Cuando alguien se queja de su
mala suerte, era costumbre tradicional, al menos así repite mi suegra,
advertirle que no debía quejarse, que había otros peores y que cabía la
posibilidad de recibir un castigo por tamaña insensibilidad: “no ensoberbies a
Dios”, se decía. Me llama la atención la expresión y no tengo claro que sea un
localismo. La formación de la palabra a partir del sustantivo “soberbia” parece
correct: de fango, enfangar, de soberbia, ensoberbiar. De todas formas lo
compruebo y no aparece en el buscador. En el diccionario de la Real Academia no
consta el término. Como mucho sale en lengua gallega con el significado de
volverse soberbio. Pero no parece el sentido que aprecio en la expresión. Al
consultar con Fundéu me remiten, como variante local, a “ensorberbecer”,
“causar o excitar soberbia a alguien”. Se utiliza también en expresiones
referidas a un mar embravecido.
Ensoberbiar
a Dios, pues, parece querer decir que estamos provocando la soberbia del
Altísimo, quien, enojado por nuestra falta de consideración, tenderá a
castigarnos, a mandarnos una desgracia mayor para que tengamos razones de peso
para quejarnos. Resulta extraño que el Todopoderoso pueda enojarse hasta
alcanzar la soberbia. Ya sabemos de la proverbial ira divina que castigó a la
Humanidad con el Diluvio, con la profusión de lenguas tras el proyecto de la
Torre de Babel, tanto como individualmente a los mercaderes del templo o
quienes aspiraban a considerarse mejores o mayores de lo que les estaba destinado.
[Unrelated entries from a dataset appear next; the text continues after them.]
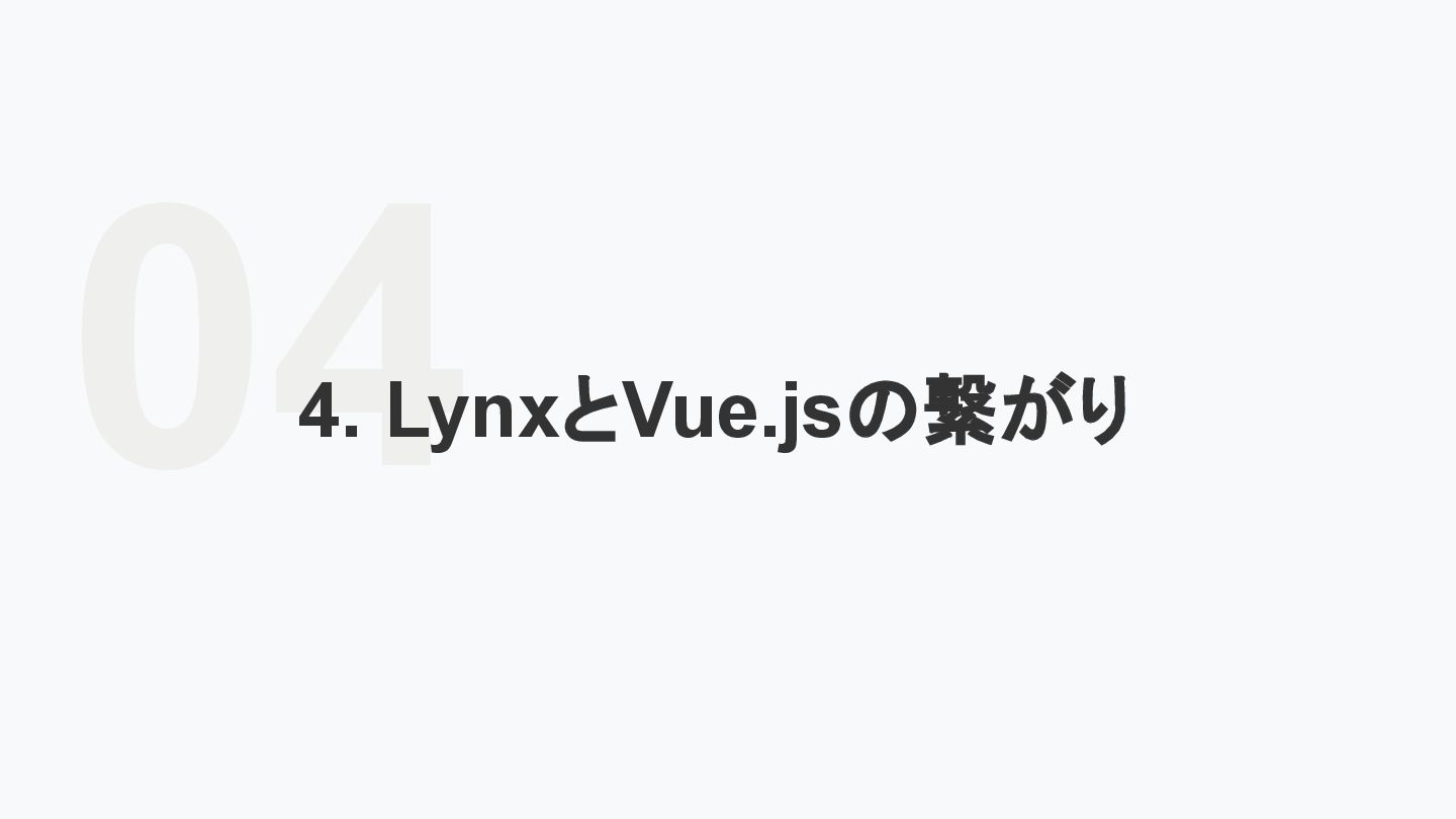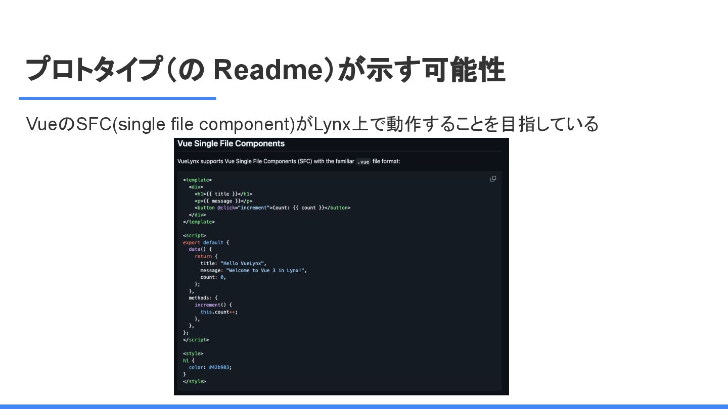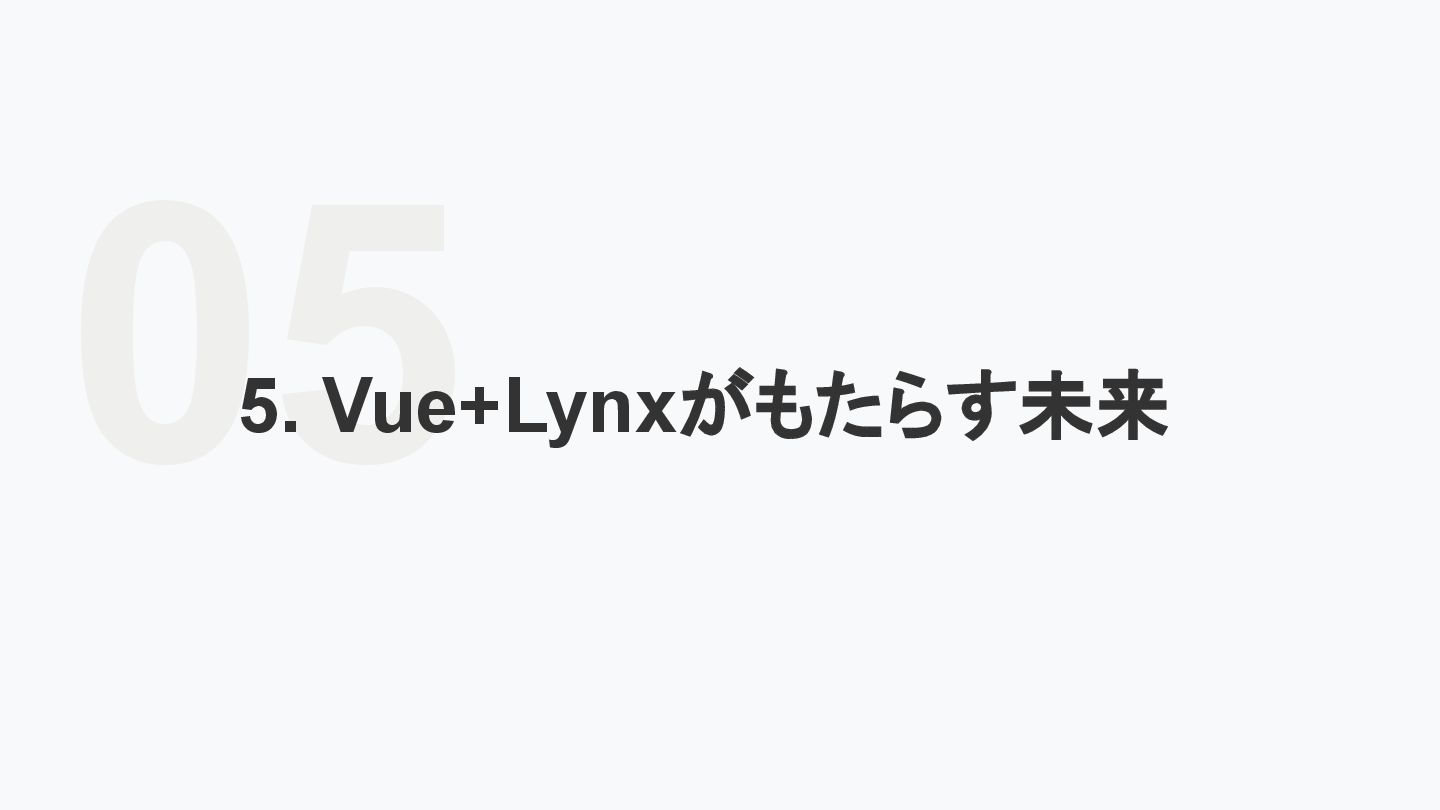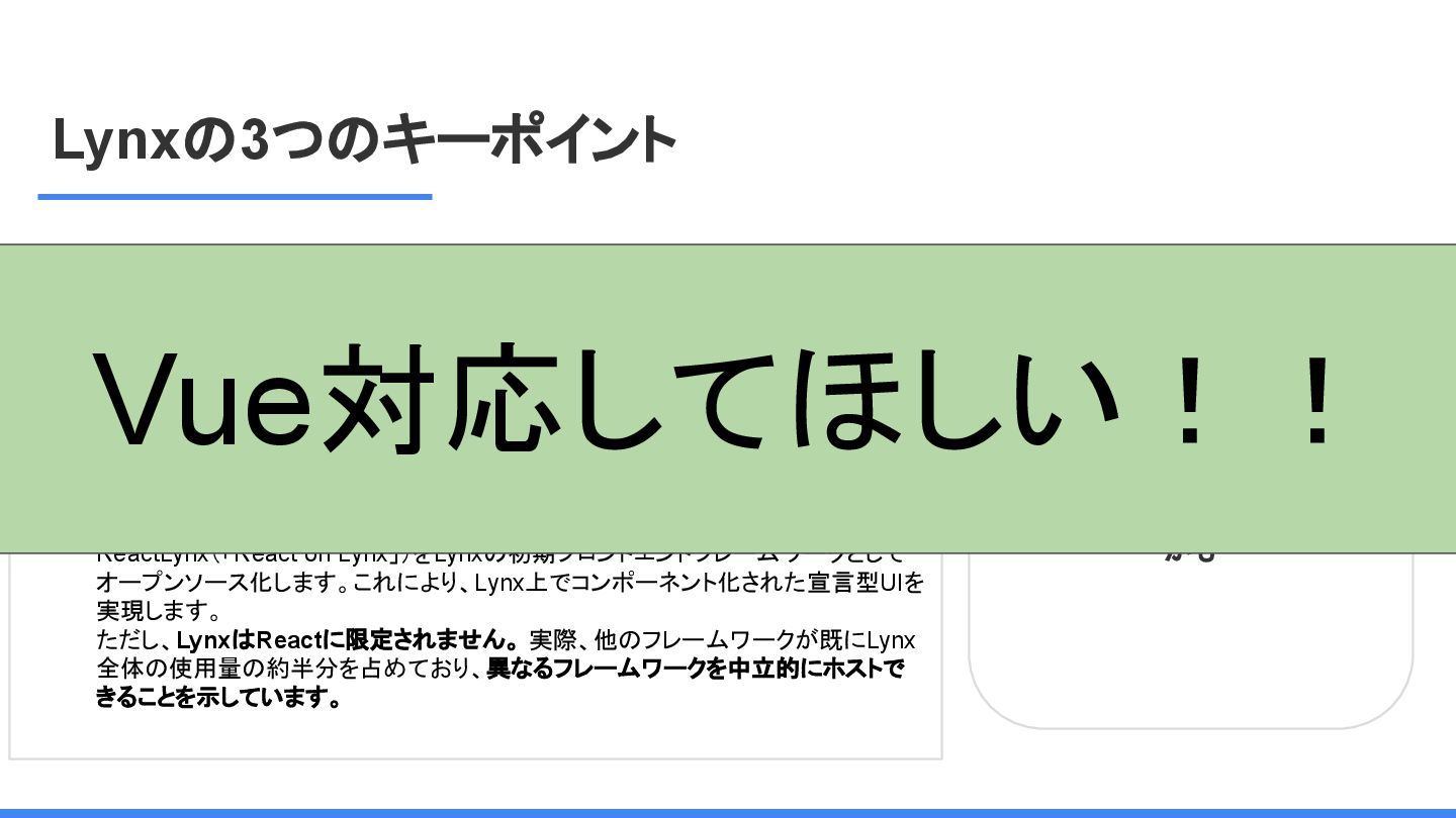 レームワーク 複数のJSフレームワークへの 対応 現在はReactにのみ対応だ が、React以外にも対応する かも <Lynx公式から引用 ※太字は発表者による > We are open-sourcing ReactLynx (“React on Lynx”) as Lynx’s initial frontend framework flavor, enabling componentized, declarative UI on Lynx. However, Lynx isn’t limited to React. In fact, other frameworks already represent roughly half of Lynx’s overall usage, demonstrating its neutrality in hosting different flavors. ReactLynx(「React on Lynx」)をLynxの初期フロントエンドフレームワークとして オープンソース化します。これにより、Lynx上でコンポーネント化された宣言型UIを 実現します。 ただし、LynxはReactに限定されません。 実際、他のフレームワークが既にLynx 全体の使用量の約半分を占めており、異なるフレームワークを中立的にホストで きることを示しています。 Vue対応してほしい!!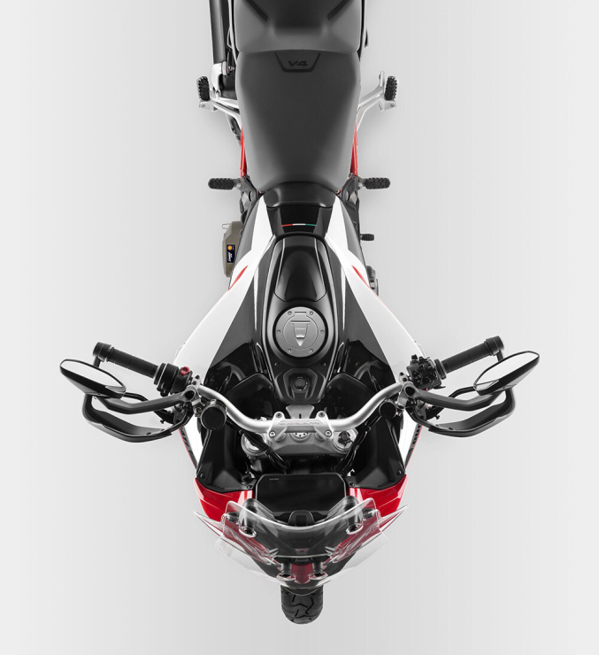 Projekt Multistrady V4 S Sport cechuje się niezwykłą funkcjonalnością. Jest solidny i wytrzymały, a jednocześnie wyrafinowany i niezwykle estetyczny. Projektanci Ducati wypracowali dobre proporcje i kompaktowość nadwozia w rozstawie osi - idealne połączenie formy i funkcji. Da się to zauważyć w muskularnych gabarytach przedniej części nadwozia z 22-litrowym zbiornikiem paliwa, w połączeniu ze smukłym tyłem, który umożliwia optymalną pozycję nawet podczas jazdy na stojąco na odcinkach terenowych.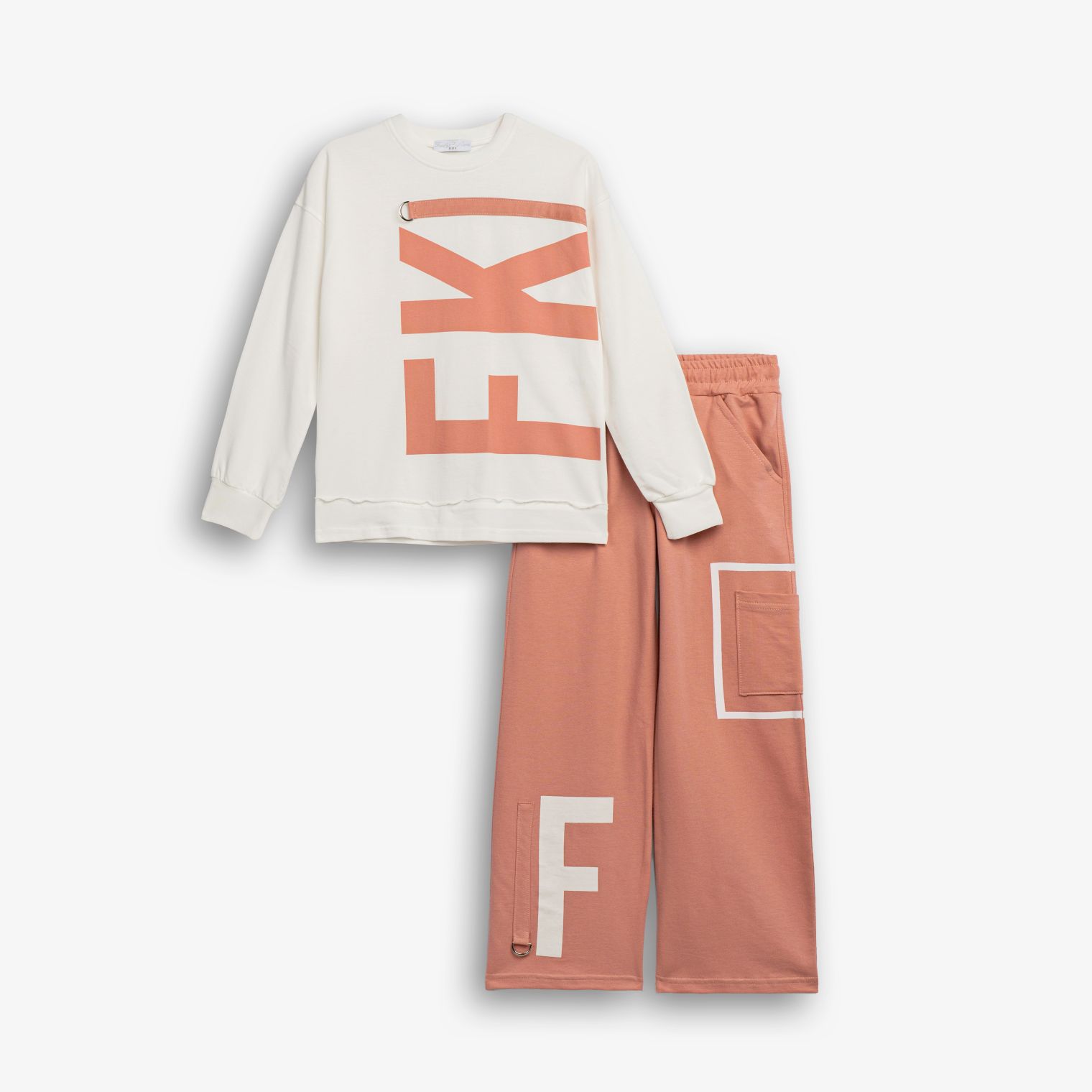 Φόρμα φούτερ με τύπωμα (FK) και παντελόνι φόρμας με τύπωμα σε χρώμα εκρού/άγριο τριαντάφυλλο για κορίτσι 6-16 ετών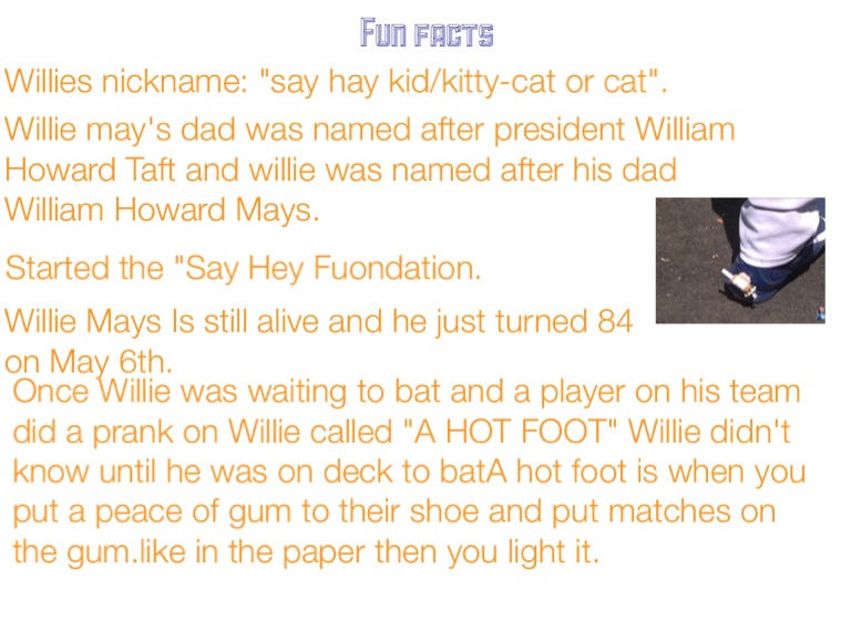 Once Willie was waiting to bat and a player on his team did a prank on Willie called "A HOT FOOT" Willie didn't know until he was on deck to batA hot foot is when you put a peace of gum to their shoe and put matches on the gum.like in the paper then you light it.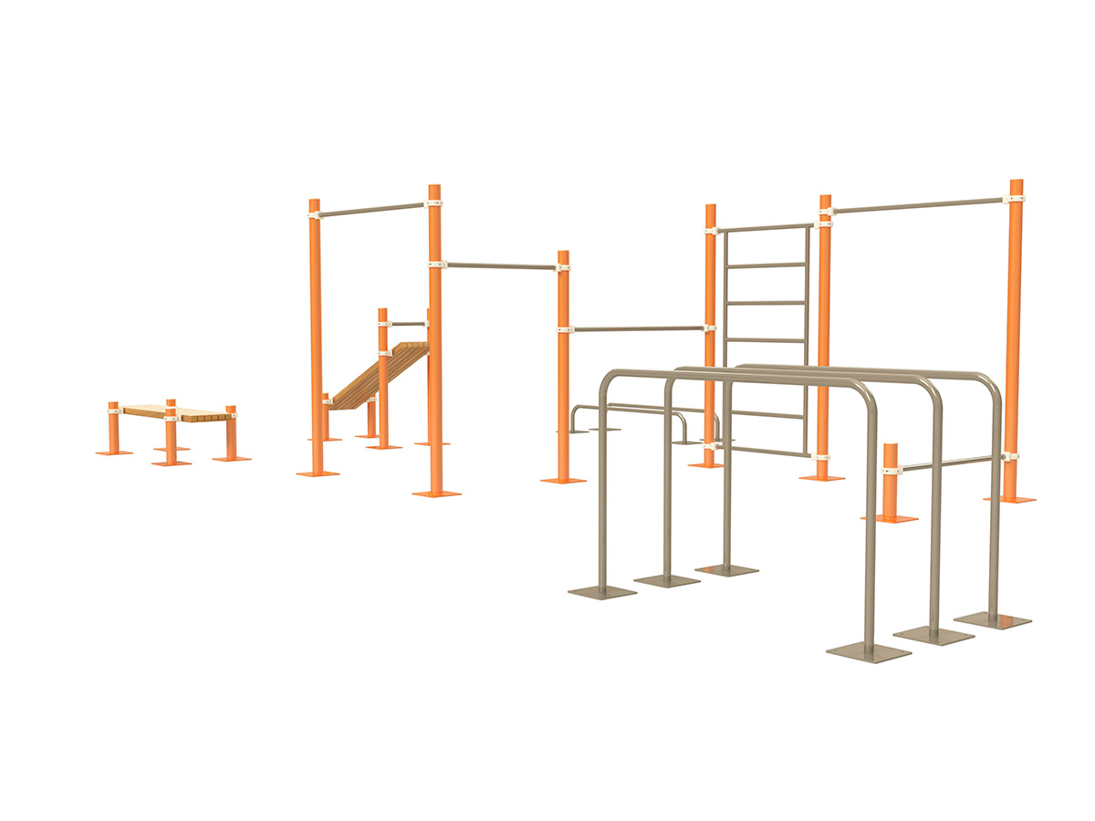 Conjunto deportivo de exterior orientado al entrenamiento de calistenia y workout. Ofrece diversas opciones para el ejercicio físico, combinando funcionalidad y versatilidad en un mismo elemento.

En una de las acepciones de la palabra, soberbia es sinónimo de ira o cólera
que se manifiesta con “acciones descompuestas o palabras altivas e injuriosas”.
La
expresión parece encajar en la historia de Babel, en la que los hombres,
demasiado seguros de su poder, decidieron desafiar a Yavé y Este los confundió
con la aparición de la diversidad de idiomas. A nivel teológico deberíamos
aprender que no conviene retar a la divinidad, que será quizá vengativa y siempre más poderosa. A
un nivel mítico procura una explicación de la aparición de diferentes lenguas y
nos ayuda a comprobar que cualquier tipo de soberbia acarrea funestas
consecuencias en cualquier proyecto común. Parece que no es mal consejo.
También
podemos entender la expresión en el sentido de que si nos volvemos soberbios
podemos enojar a los demás. La diferencia es importante. En la primera
propuesta ,Dios se vuelve soberbio, que encajaría con el sentido que tiene en
galego. En algunos lugares de Ecuador y de Perú también se utiliza, por lo
visto, el verbo en el sentido de convertir en presumido (“el elogio por sí solo
lo único que hace es ensoberbiar”), pero también en el sentido de irritarse, “no
me haga ensoberbiar”, repite como marca de la casa un capitán encargado de
buscar a Pablo Escobar en una serie de Televisión.
En
ambos casos subyace la consideración negativa de la soberbia. Este sería un
sentimiento en el que el orgullo, que puede ser legítimo e incluso recomendable
(uno tiene que tener su orgullo), pasa de un grado de virtud a pecado. La
soberbia es la creencia –injustificada– de estar por encima de los demás y
actuar en consecuencia despreciando a los otros. Para ser soberbio hay que
demostrarlo con gestos que manifiesten la vanidad y la humillación del prójimo.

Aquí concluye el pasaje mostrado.